La salud no solo se deteriora por los ataques rusos. Muchos de los vecinos de las regiones por las que atraviesa el frente tienen cada vez menos acceso a la atención sanitaria. Entre febrero y marzo de 2026, equipos de MSF encuestaron a 187 civiles en cuatro regiones cercanas al frente: Dnipropetrovsk, Jersón, Mykolaiv y Zaporiyia. La mayoría de los entrevistados son personas mayores y dependientes. Casi tres cuartas partes de ellos, un 72%, afirman que antes de 2022 recibían atención «siempre» o «la mayoría del tiempo». Hoy esa cifra ha caído al 35%. Y un 90% asegura que su salud ha empeorado.

La falta de personal sanitario es otra de las dificultades que enfrenta el país.
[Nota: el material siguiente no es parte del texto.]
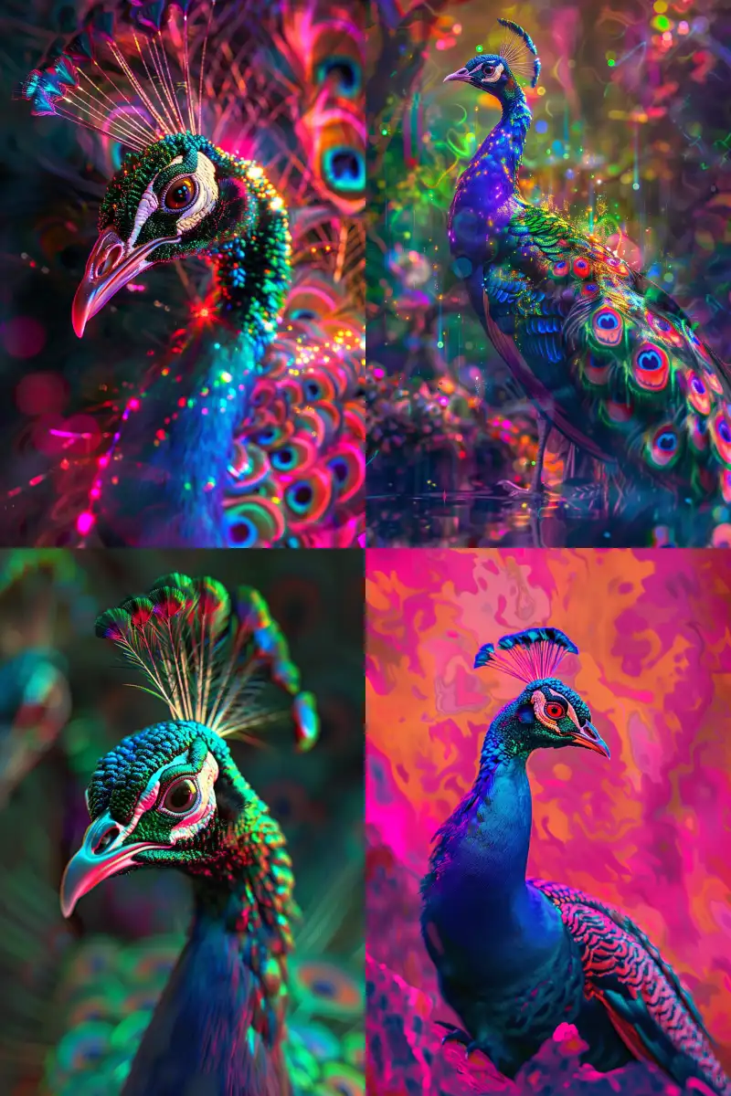 Midjourney Bot 更新时间:2024-07-18 00:00Fauvist style peacock illustration, neon lights, bright colors, soft shadows, movie lighting, clear focus, high resolution, high quality, high detail, octane rendering, volume lighting, global lighting, tone mapping, wide-angle --v 6.0 --ar 2:3
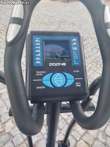 Elíptica pouco usada, ideal para treinos em casa. Equipamento silencioso, com diferentes níveis de resistência, visor digital para controlo de tempo, calorias, distância e ritmo cardíaco. Compacta e fácil de mover. Excelente para quem procura melhorar a sua forma física sem sair de casa.

Según el Ministerio de Sanidad ucraniano, el número de médicos registrados cayó de 143.887 en 2021 a 127.675 en 2024, una pérdida de más de 16.000 profesionales, un 11,3%. La estadística se vuelve más pronunciada en las zonas cercanas a la línea de frente. En Jersón, la plantilla médica se ha reducido un 66% desde 2022, de 79 a 27 médicos.

MSF pide a los países con «influencia» que exijan a Rusia el cese de estos ataques contra el personal sanitario y la infraestructura médica.